The task: Starting at the line that holds "Qua hình 3.5", restate every line word for word up to and including the last one in the listing below, and omit all pictures.

Data:
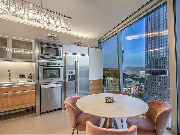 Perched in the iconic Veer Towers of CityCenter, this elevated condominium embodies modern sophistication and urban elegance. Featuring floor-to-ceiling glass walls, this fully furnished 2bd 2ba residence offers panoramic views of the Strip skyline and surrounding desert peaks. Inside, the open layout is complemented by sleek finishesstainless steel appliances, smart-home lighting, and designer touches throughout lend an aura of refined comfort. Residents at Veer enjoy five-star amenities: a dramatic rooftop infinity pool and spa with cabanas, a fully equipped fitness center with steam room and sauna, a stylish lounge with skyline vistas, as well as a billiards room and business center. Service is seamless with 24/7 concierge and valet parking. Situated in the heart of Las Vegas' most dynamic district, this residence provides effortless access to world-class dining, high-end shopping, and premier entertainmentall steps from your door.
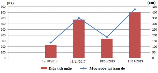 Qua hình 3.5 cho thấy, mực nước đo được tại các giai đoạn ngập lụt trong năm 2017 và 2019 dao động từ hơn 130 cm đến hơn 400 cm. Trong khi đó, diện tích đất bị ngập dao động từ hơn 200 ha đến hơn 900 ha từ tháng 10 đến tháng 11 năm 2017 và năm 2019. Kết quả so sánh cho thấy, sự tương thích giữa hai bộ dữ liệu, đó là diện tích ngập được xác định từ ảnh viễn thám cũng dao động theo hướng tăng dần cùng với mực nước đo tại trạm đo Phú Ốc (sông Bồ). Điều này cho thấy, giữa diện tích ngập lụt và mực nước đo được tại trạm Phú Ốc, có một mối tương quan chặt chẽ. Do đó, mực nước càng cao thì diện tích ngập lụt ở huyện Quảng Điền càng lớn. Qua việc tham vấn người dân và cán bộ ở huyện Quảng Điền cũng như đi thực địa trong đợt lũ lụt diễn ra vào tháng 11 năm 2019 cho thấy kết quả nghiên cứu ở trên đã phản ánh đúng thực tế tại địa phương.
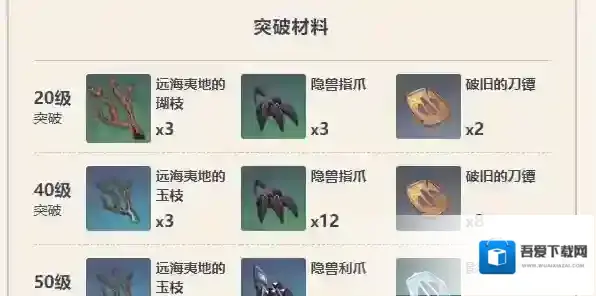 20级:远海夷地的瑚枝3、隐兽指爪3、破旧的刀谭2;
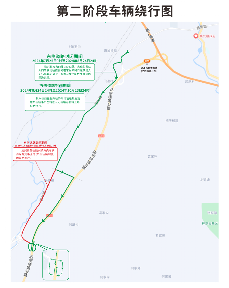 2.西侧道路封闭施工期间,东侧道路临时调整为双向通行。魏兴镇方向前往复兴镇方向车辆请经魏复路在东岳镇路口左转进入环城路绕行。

Task response:
 Qua hình 3.5 cho thấy, mực nước đo được tại các giai đoạn ngập lụt trong năm 2017 và 2019 dao động từ hơn 130 cm đến hơn 400 cm. Trong khi đó, diện tích đất bị ngập dao động từ hơn 200 ha đến hơn 900 ha từ tháng 10 đến tháng 11 năm 2017 và năm 2019. Kết quả so sánh cho thấy, sự tương thích giữa hai bộ dữ liệu, đó là diện tích ngập được xác định từ ảnh viễn thám cũng dao động theo hướng tăng dần cùng với mực nước đo tại trạm đo Phú Ốc (sông Bồ). Điều này cho thấy, giữa diện tích ngập lụt và mực nước đo được tại trạm Phú Ốc, có một mối tương quan chặt chẽ. Do đó, mực nước càng cao thì diện tích ngập lụt ở huyện Quảng Điền càng lớn. Qua việc tham vấn người dân và cán bộ ở huyện Quảng Điền cũng như đi thực địa trong đợt lũ lụt diễn ra vào tháng 11 năm 2019 cho thấy kết quả nghiên cứu ở trên đã phản ánh đúng thực tế tại địa phương.
 20级:远海夷地的瑚枝3、隐兽指爪3、破旧的刀谭2;
 2.西侧道路封闭施工期间,东侧道路临时调整为双向通行。魏兴镇方向前往复兴镇方向车辆请经魏复路在东岳镇路口左转进入环城路绕行。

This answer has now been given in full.